I'm told that IP hinders if not entirely obviates the possibility of creating a reasonable open-source DRM solution. That may well be the case.

In addition to that, the point of security is to protect the user from external attackers. But in the DRM threat model, the user is the attacker essentially and the rights owner is the defender.

Most (streaming) DRM approaches simply try to hide the key and make it time-bound. But in cryptography it's hard to make that anything other than an all or nothing proposition. How can the user be trusted to decrypt the asset and not take advantage of access to the unencrypted data? Are there any frameworks that can be applied to solve the problem and deliver (what I believe to be) a needed solution?

I could be totally wrong and maybe this approach has already been considered but what about finding a way to put the content on a blockchain with multi-signature smart contracts? Granted the information would live on the blockchain but access is only granted through a mutual agreement and everyone else would be locked out. I know blockchains are a buzzword lately but I do see a lot of potential in their application. I'm not sure if what you're proposing is more for a full-fledged streaming service like Netflix or simply giving someone from the press access from home for a preview. I think the blockchain approach might work better for a preview rather than a full streaming service.

Keep in mind that DRM isn't about encryption, that's just a means to an end. DRM is about preventing piracy and enabling flexible pricing models. If you come up with a better way of encrypting the data, without giving a better outcome to those goals, then it's a non-starter. Likewise if you come up with a better way of achieving those goals that doesn't use encryption at all, that's something worth considering.

Michael Hall
mhall119@...

High Fidelity recently (March 22,2018) announced an alliance for publishing assets such as identity, textures, 3D objects, animations and scenes over http using blockchain for the DRM. 

Content developers can already register their creations on the High Fidelity blockchain using our Digital Asset Registry (DAR), which tracks the provenance and ownership of each item. 

Founder Philip Rosedale is also the founder of Second Life, so his approach should be taken seriously. 
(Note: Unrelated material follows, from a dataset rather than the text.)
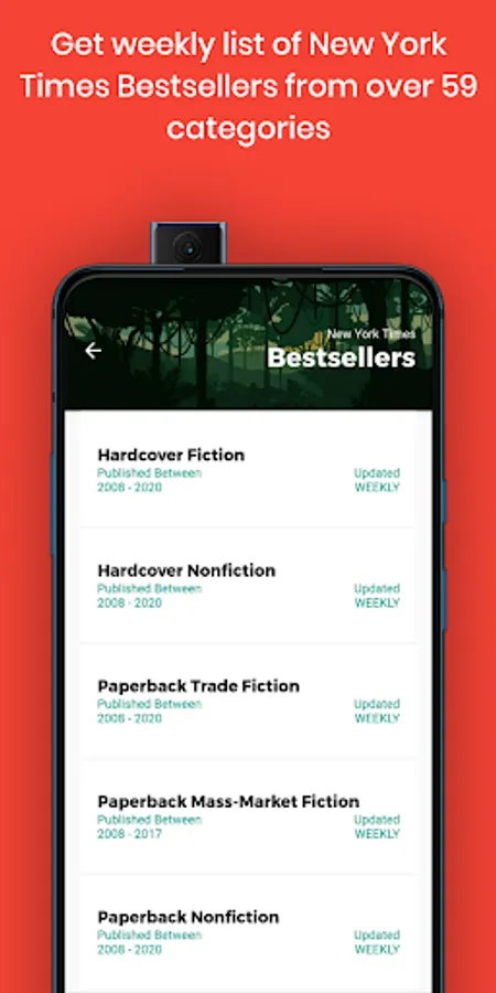 Get weekly updated lists of NEW YORK TIMES bestsellers from over 59 categories..

https://blog.highfidelity.com/janusvr-and-high-fidelity-found-virtual-reality-blockchain-alliance-3f894ee64ca7

FWIW, Sun Labs came up with an "open" DRM system back in the mid 2000s called DReaM. I don't think it ever took off because of Microsoft's stranglehold on commercial DRM systems. While it's difficult to create a system that will defeat the most advanced of attackers, the requirement for DRM is probably closer to "defend the integrity of the system against attackers arms with an electron microscope, an oscilloscope and a dewar of liquid nitrogen." I'm not sure you need to make your DRM system perfect, just good enough to dissuade casual hackers.